Multi-grained scanning is the algorithm that can be used for image processing. Description is given in this article. It is said that deep forest with MGS can be compared with the CNN.

[1]:
from bosk.painter.graphviz import GraphvizPainter
from bosk.executor.recursive import RecursiveExecutor
from bosk.stages import Stage
from bosk.block.zoo.multi_grained_scanning import MultiGrainedScanning2DBlock
from bosk.pipeline.builder.functional import FunctionalPipelineBuilder
from sklearn.datasets import load_digits
from sklearn.ensemble import RandomForestClassifier, ExtraTreesClassifier
from sklearn.model_selection import train_test_split
from sklearn.metrics import roc_auc_score
import numpy as np
from IPython.display import Image
[2]:
random_state = 42
n_estimators = 7
EXEC_CLS = RecursiveExecutor

def get_image_dataset():
    digits = load_digits()
    all_X = digits.data
    all_y = digits.target
    train_X, test_X, train_y, test_y = train_test_split(
        all_X, all_y, test_size=0.2, random_state=random_state)
    return train_X, test_X, train_y, test_y
[3]:
b = FunctionalPipelineBuilder()
X, y = b.Input()(), b.TargetInput()()
ms = b.new(MultiGrainedScanning2DBlock, models=(
    RandomForestClassifier(n_estimators=n_estimators),
    ExtraTreesClassifier(n_estimators=n_estimators)),
    window_size=5, stride=1, shape_sample=[8, 8])(X=X, y=y)
rf_1 = b.RFC()(X=ms, y=y)
et_1 = b.ETC()(X=ms, y=y)
concat_1 = b.Concat(['ms', 'rf_1', 'et_1'])(ms=ms, rf_1=rf_1, et_1=et_1)
rf_2 = b.RFC()(X=concat_1, y=y)
et_2 = b.ETC()(X=concat_1, y=y)
concat_2 = b.Concat(['ms', 'rf_2', 'et_2'])(ms=ms, rf_2=rf_2, et_2=et_2)
rf_3 = b.RFC()(X=concat_2, y=y)
et_3 = b.ETC()(X=concat_2, y=y)
stack_3 = b.Stack(['rf_3', 'et_3'], axis=1)(rf_3=rf_3, et_3=et_3)
average_3 = b.Average(axis=1)(X=stack_3)
argmax_3 = b.Argmax(axis=1)(X=average_3)
#
rf_1_roc_auc = b.RocAucMultiLabel()(gt_y=y, pred_probas=rf_1)
roc_auc = b.RocAucMultiLabel()(gt_y=y, pred_probas=average_3)

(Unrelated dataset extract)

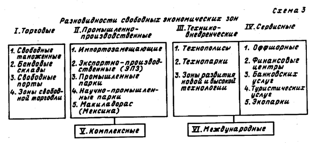 При организации свободных экономических зон используют два различных концептуальных подхода: территориальный и функциональный (точечный). В первом случае зона рассматривается как обособленная территория, где все предприятия-резиденты пользуются льготным режимом хозяйственной деятельности. Согласно второму подходу, зона — это льготный режим, применяемый к определенному виду предпринимательской деятельности независимо от местоположения соответствующей фирмы в стране. Примером реализации первого подхода являются свободные экономические зоны Китая, зона «Манаус» (Бразилия), многие экспортно-производственные зоны в развивающихся странах. Результатом второго подхода являются «точечные» зоны, представленные отдельными предприятиями (оффшорные фирмы, магазины «дьюти фри»). Одной из простейших форм свободных экономических зон являются свободные (беспошлинные) таможенные зоны (СТЗ). Эти зоны, как и свободные торговые зоны, относятся к зонам первого поколения. Они существуют с ХVII-XVIII вв. Эти зоны представляют собой транзитные или консигнационные склады для хранения, упаковки и незначительной обработки товаров, предназначенных для экспорта. Такие зоны часто называют бондовыми складами или свободными таможенными территориями. Свободные таможенные зоны освобождаются от таможенных пошлин на ввоз и вывоз товаров. Они имеются во многих странах. Зоны свободной торговли (ЗСТ) также широко распространены в мире. Наибольшее развитие зоны свободной торговли получили в США. Их создание предусмотрено специальным законом США от 1934 г., целью которого было поощрение торговли, ускорение торговых операций, сокращение торговых издержек. Такие зоны представляют собой ограниченные участки территории США, в пределах которых установлен льготный по сравнению с общим режим хозяйственной, в т. ч. внешнеэкономической деятельности. Законом было установлено, что при каждом официальном порте прибытия может быть создана, по крайней мере, одна внешнеторговая свободная зона. В соответствии с существующим законодательством США зоны свободной торговли, действующие на территории страны, подразделяются на зоны общего назначения и специализированные (субзоны). Зоны общего назначения занимают небольшое пространство (несколько кв. км) и находятся за пределами национальной таможенной территории. В них осуществляются операции по складированию и переработке ввезенных товаров (упаковка, сортировка, маркировка, доработка и т. п.). Субзоны создаются для отдельных крупных компаний, деятельность которых выходит за рамки зон общего назначения. В субзонах производится экспортная или импортозамещающая продукция. Субзоны являются результатом использования комбинации режимов зон свободной торговли и импортозамещающих производственных зон. К середине 90-х годов в США насчитывалось около 500 зон свободной торговли. К числу простейших зон свободной торговли можно отнести специальные магазины «дьюти фри» в крупных международных аэропортах. С точки зрения режима, они рассматриваются как находящиеся за пределами государственных границ. К зонам свободной торговли относятся также и традиционные свободные гавани (порты) со льготным торговым режимом. Промышленно-производственные зоны относятся к зонам второго поколения. Они возникли в результате эволюции

pipeline = b.build({'X': X, 'y': y},
                   {'probas': average_3, 'rf_1_roc-auc': rf_1_roc_auc,
                    'roc-auc': roc_auc, 'labels': argmax_3}
                   )
pipeline.set_random_state(random_state)
# drawing our pipeline
GraphvizPainter(figure_dpi=100).from_pipeline(pipeline).render('deep_forest.jpeg')
display(Image(filename='deep_forest.jpeg'))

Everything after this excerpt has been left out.